Department of Molecular Genetics and Microbiology, Duke Universitygrid.26009.3d School of Medicine, Durham, North Carolina, USA.
Division of Biological Sciences, University of California, San Diego, San Diego, California, USA.
J Virol. 2022 Jul 27;96(14):e0050522. doi: 10.1128/jvi.00505-22. Epub 2022 Jul 6.
Influenza virus infections are thought to be initiated in a small number of cells; however, the heterogeneity across the cellular responses of the epithelial cells during establishment of disease is incompletely understood. Here, we used an H1N1 influenza virus encoding a fluorescent reporter gene, a cell lineage-labeling transgenic mouse line, and single-cell RNA sequencing to explore the range of responses in a susceptible epithelial cell population during an acute influenza A virus (IAV) infection. Focusing on multiciliated cells, we identified a subpopulation that basally expresses interferon-stimulated genes (ISGs), which we hypothesize may be important for the early response to infection. We subsequently found that a population of infected ciliated cells produce most of the ciliated cell-derived inflammatory cytokines, and nearly all bystander ciliated cells induce a broadly antiviral state. From these data together, we propose that variable preexisting gene expression patterns in the initial cells targeted by the virus may ultimately affect the establishment of viral disease. Influenza A virus poses a significant threat to public health, and each year, millions of people in the United States alone are exposed to the virus. We do not currently, however, fully understand why some individuals clear the infection asymptomatically and others become severely ill. Understanding how these divergent phenotypes arise could eventually be leveraged to design therapeutics that prevent severe disease. As a first step toward understanding these different infection states, we used a technology that allowed us to determine how thousands of individual murine lung epithelial cells behaved before and during IAV infection. We found that small subsets of epithelial cells exhibited an antiviral state prior to infection, and similarly, some cells made high levels of inflammatory cytokines during infection.

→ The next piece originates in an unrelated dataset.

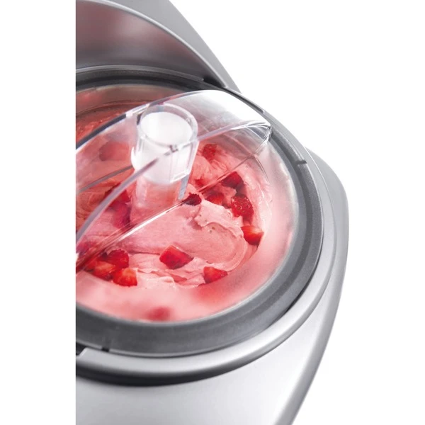 Die Eismaschine DeLonghi ICK 6000 überzeugt mit einzigartiger Mix-Technik. Zwei entgegengesetzt rotierende Schaufeln mixen die Zutaten zu einem perfekten Eis-Ergebnis. Der Edelstahlbehälter mit 1,2 Liter ist herausnehmbar und lässt sich bequem reinigen. Rutschfeste Gummifüße sorgen für einen sicheren Stand. Als Zubehör erhält man ein Rezeptbuch mit 50 Rezepten zum ausprobieren.Art.-Nr.: 856760

We propose that different ratios of these individual cellular responses may contribute to the broader antiviral state of the lung and may ultimately affect disease severity.
流感病毒感染被认为是由少数细胞引发的;然而,在疾病发生过程中,上皮细胞的细胞反应异质性尚不完全清楚。在这里,我们使用了一种编码荧光报告基因的 H1N1 流感病毒、一种细胞谱系标记的转基因小鼠系和单细胞 RNA 测序,来探索在急性甲型流感病毒 (IAV) 感染过程中易感上皮细胞群体的反应范围。我们专注于多纤毛细胞,发现了一个亚群在基础状态下表达干扰素刺激基因 (ISGs),我们假设这可能对感染的早期反应很重要。随后我们发现,一群受感染的纤毛细胞产生了大部分纤毛细胞衍生的炎性细胞因子,几乎所有的旁观者纤毛细胞都诱导了广泛的抗病毒状态。综合这些数据,我们提出,病毒最初靶向的初始细胞中预先存在的基因表达模式的可变性可能最终影响病毒病的建立。 流感病毒对公共卫生构成重大威胁,仅在美国,每年就有数百万人接触到这种病毒。然而,我们目前并不完全了解为什么有些人无症状地清除感染,而另一些人则病重。了解这些不同表型的出现机制,最终可能被用来设计预防严重疾病的治疗方法。作为了解这些不同感染状态的第一步,我们使用了一种允许我们确定数千个单独的鼠肺上皮细胞在 IAV 感染前后行为的技术。我们发现,上皮细胞的一小部分在感染前表现出抗病毒状态,同样,一些细胞在感染过程中产生高水平的炎性细胞因子。我们提出,这些单个细胞反应的不同比例可能有助于肺部的更广泛抗病毒状态,并可能最终影响疾病的严重程度。